A: You can achieve this by setting the tool_choice parameter. For example, if your function name is get_weather, set tool_choice to: {"type": "function", "function": {"name": "get_weather"}}. This forces the model to ignore a standard reply and output the arguments for that specific function.
Q2: Why is my response content truncated?
A: Check the value of choices[0].finish_reason in the response. If it is "length", it means the generated text exceeded the max_tokens limit or the model's maximum context length. You can try increasing the max_tokens value.
Q3: Both temperature and top_p control randomness; how should I use them?
A: Both parameters adjust the diversity of the output.
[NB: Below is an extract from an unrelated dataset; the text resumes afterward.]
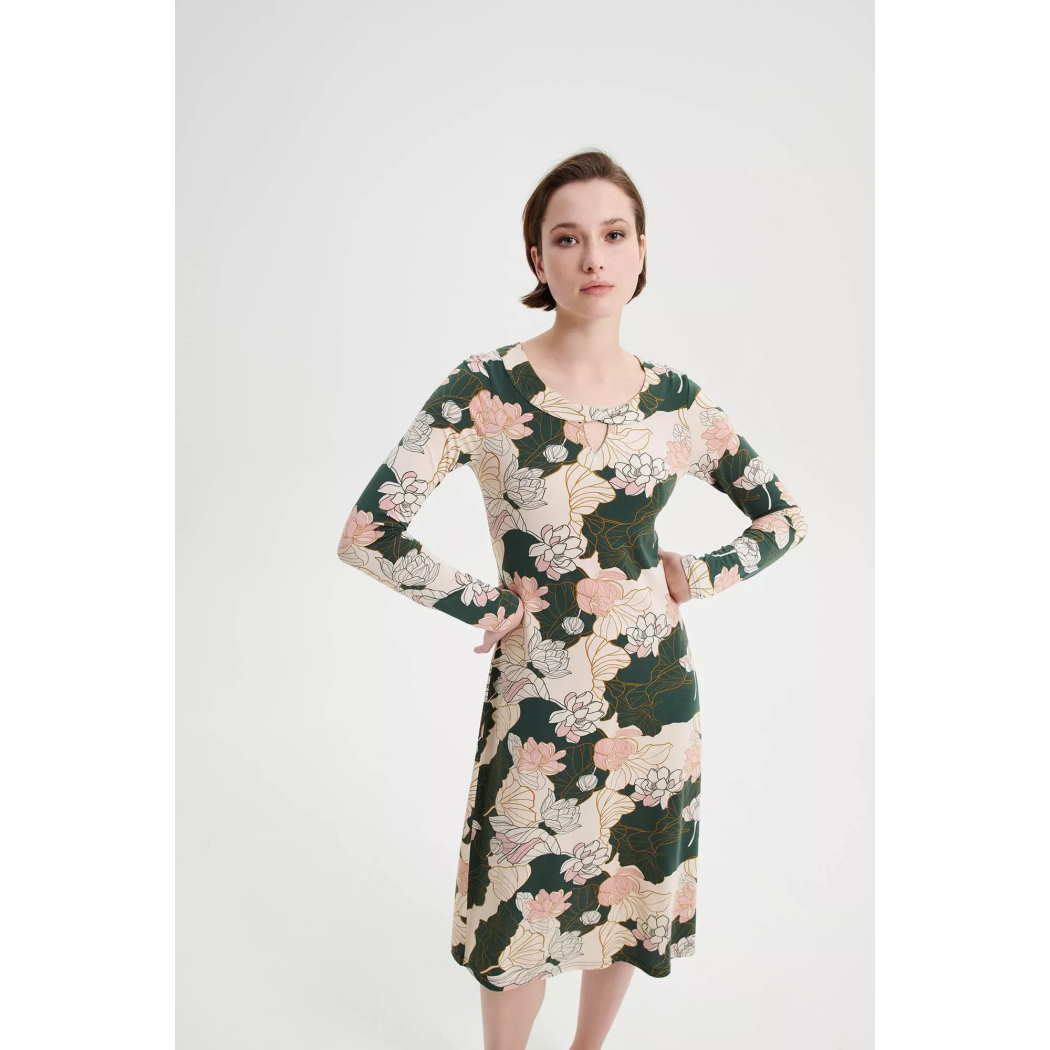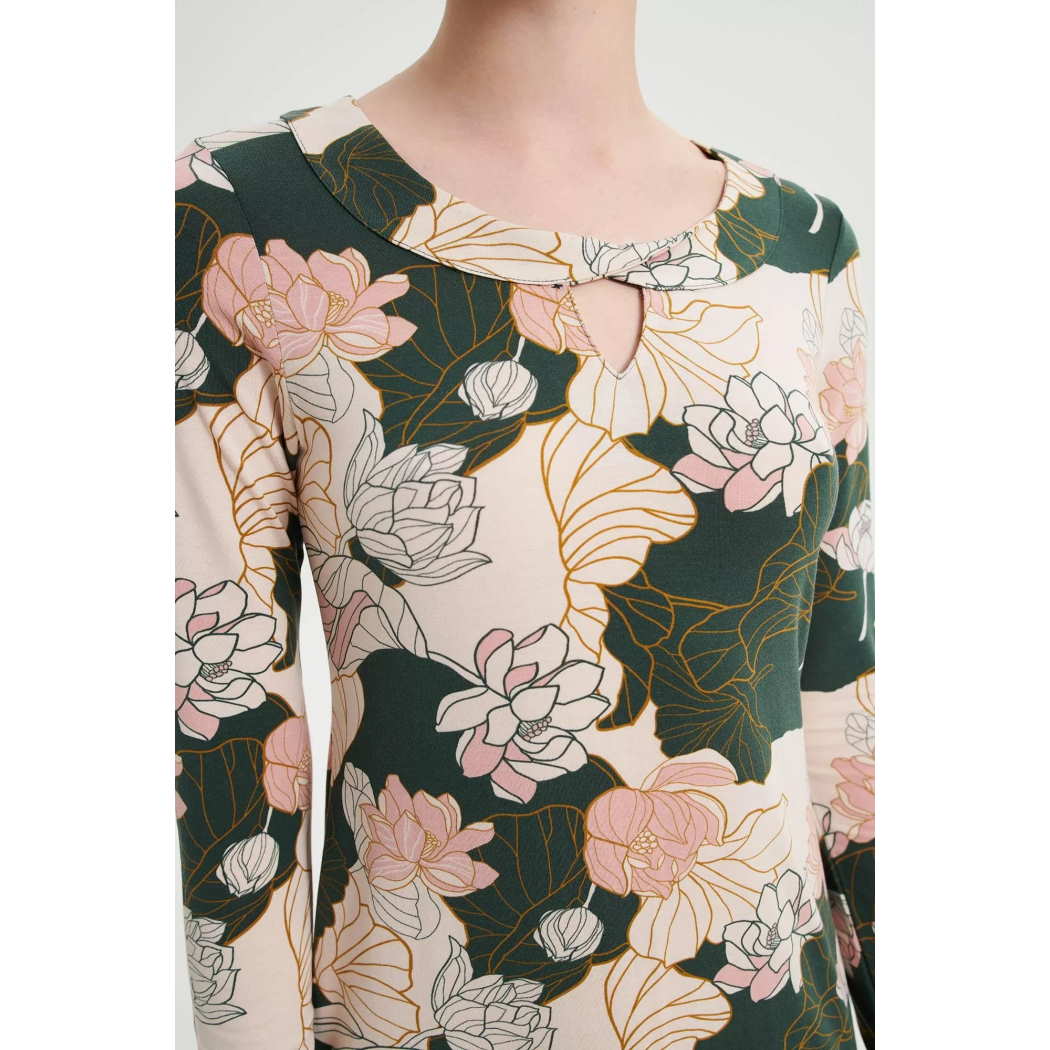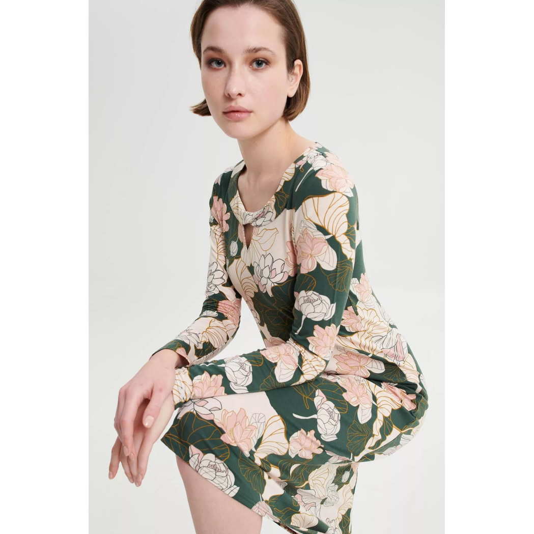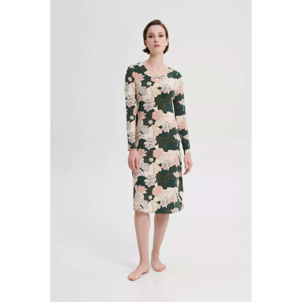 Φλοράλ νυχτικό με μακρύ μανίκι και ιδιαίτερη, στρογγυλή λαιμόκοψη . Η ανάλαφρη εφαρμογή και το απαλό ύφασμα θα σας δώσουν την άνεση και τη κομψότητα που σας αξίζει.

Higher values make the output more creative, while lower values make it more deterministic. Official documentation recommends adjusting only one of these parameters and keeping the other at its default value to avoid unpredictable results.
Q4: What is the data format when stream: true is enabled?
A: When streaming is enabled, the interface no longer returns a single JSON object. Instead, it returns a stream of Server-Sent Events (SSE). Data is sent in chunks as data: {"id": "...", "choices": [{"delta": {"content": "..."}}]}. The final message will be data: [DONE].
Q5: What should I keep in mind when enabling response_format for JSON mode?
A: When setting response_format to { "type": "json_object" }, you must also explicitly instruct the model via a message (system or user prompt) to generate JSON. Failure to do so may cause the model to output endless whitespace, leading to request timeouts or token limit exhaustion.